Finding instead the corners/vertices/extreme points of the feasible region — as stated in the title — would also be fine, since I can get the minimal/maximal points from this. This would amount to finding all basic feasible solutions of the LP.

linopt::corners in the symbolic toolbox does this, but all constraints need to be entered by hand, and I have potentially hundreds (or thousands) of them, which are, however, sparse. Is there a good tool which allows me to enter the constraints the same way as in linprog?

One option is to use, for each axis, a linear program with the same constraints and then use as objective function the value of the variable corresponding to that axis. This would not necessarily get me all the vertices, but the minimal/maximal points I am interested in directly. However, doing this separately for each axis is slow, and there may be faster ways that save on the overhead.

I have thus far found Matt J's command lcon2vert:

http://www.mathworks.com/matlabcentral/fileexchange/30892-representing-polyhedral-convex-hulls-by-vertices-or-inequalities/content/lcon2vert.m

I wonder, however, whether there are faster options if I'm not interested in the vertices per se, but rather the minimal/maximal points of the feasible region along each axis.

Thanks in advance for any suggestions!

Answer 1

For the k-th direction, the set of possible edge points is b./A(:,k) along with +/-Inf.
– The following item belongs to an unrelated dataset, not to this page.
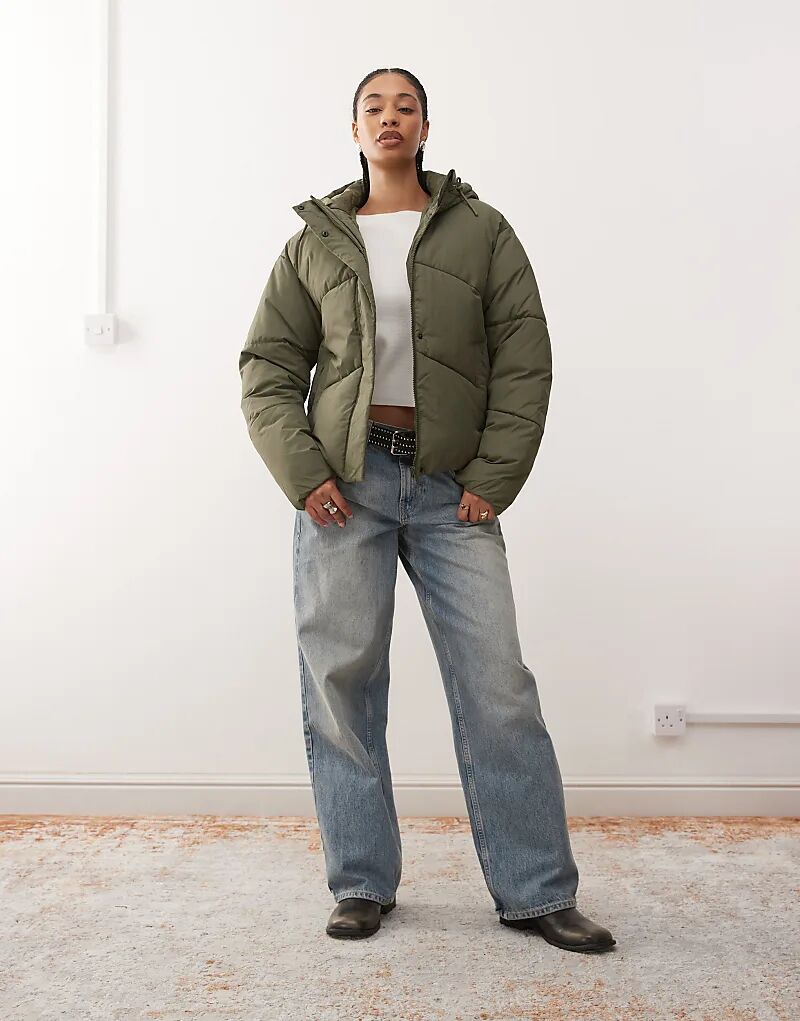 Куртка-пуховик Noisy May с капюшоном цвета хаки

So test each one in order to see if it is feasible.

Nc = 30; %Number of constraints
Nd = 10; %Number of variables
rng(0)
A = randn(Nc,Nd); %Making random data
b = rand(Nc,1);
tol = 1e-12;
nvars = size(A,2);
xminmax = nan(nvars,2);
for k = 1:size(A,2)
    thisA = A(:,k);
      xc = [-inf; inf; b./thisA];
      % Remove NaNs (0/0) and sort it in ascending order.
      xc = sort(xc(~isnan(xc)));
      xmin = nan;
      for n = 1:numel(xc)
          Ax = thisA*xc(n);
          Ax(isnan(Ax)) = 0;
          if all(Ax - b < tol)
              xmin = xc(n);
              break
          end;
      end;
      xmax = nan;
      xc = xc(end:-1:1);
      for n = 1:numel(xc)
          Ax = thisA*xc(n);
          Ax(isnan(Ax)) = 0;
          if all(Ax - b < tol);
              isgood = 1;
              xmax = xc(n);
              break;
          end;
      end;
      xminmax(k,:) = [xmin xmax];
  end
  xminmax %<-- The minimum and maximum values for each axis.

Just for a sanity check, verify what you get with what you would get by doing it using LINPROG.

xminmaxLP = zeros(nvars,2);
for k = 1:nvars
xminmaxLP(k,:) = [linprog(1,A(:,k),b) linprog(-1,A(:,k),b)];
end
xminmaxLP

Indeed, you get the same thing.